X-owner, multi-zillionaire Elon Musk then instituted a thermonuclear lawsuit (his words) against the nonprofit watchdog, its board and even its donors in an attempt to financially obliterate the non-profit fighting to protect the public from manipulative content, and imperiling Musk’s personal profit. 

As is common when the uber-wealthy take on the little guy, it’s all about big egos and deep pockets and surviving the costs of litigation. And nothing to do with Freedom of Speech issues.

Musk was embarrassed and his corporate sponsors were put on notice about the kinds of exposure they faced in continuing to do business with X.

Of course, that few would eschew the audience Musk offers is both saddening and irrelevant.

Musk’s purported “free speech absolutism” means free speech for the rich and powerful, not the rest of us.

And a valuable asset for media oversight has been forced to lay off a significant portion of its staff causing personal hardship and putting all Americans at greater risk of not being able to discern between reality and the Trump-Musk-Fox News grip on fake news, always-false all-the-time.

Ben Collins, of the satirical website The Onion, quipped: “They know they can't win these lawsuits. But they also know legal fees will cripple the little guy reporting on their lies and crimes. This is how free speech is actually chilled – vengeful dipshit billionaires.”

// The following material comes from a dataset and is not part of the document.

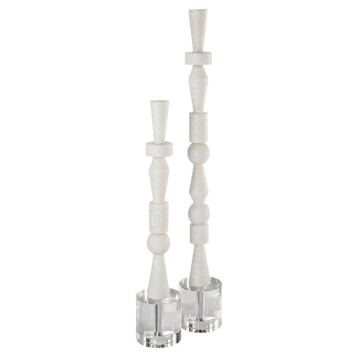 View full detailsExperience elegance and charm with the Uttermost Wessex White Candleholders Set of 2. Made of white faux shagreen, these candleholders boast an ant...
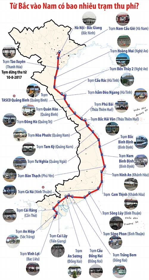 30 trạm thu phí BOT trên quốc lộ 1. Đồ họa: HỒ TRANG

Musk’s action is clearly a Strategic Lawsuit Against Public Participation, a SLAPP in the face of ordinary people, attacking in court when the opponent hasn’t the financial resources required to succeed even if they have truth and the American way on their side. 

It may be outside our comfort zones; it may be emotionally fraught – especially at first before gut reactions can learn that disagreement isn’t fatal – but it is each person’s own profile in courage to step out of that zone.

To insist our government forever ban SLAPPs and keep on trucking while they do.

Free speech means taking extraordinary efforts not to silence honest criticism from all sides and, indeed, welcoming evaluation and some acceptance of each others’ opinions in order to forge a more perfect world. 

(Liz Amsden is a contributor to CityWatch and an activist from Northeast Los Angeles with opinions on much of what goes on in our lives. She has written extensively on the City's budget and services as well as her many other interests and passions.  In her real life she works on budgets for film and television where fiction can rarely be as strange as the truth of living in today's world.)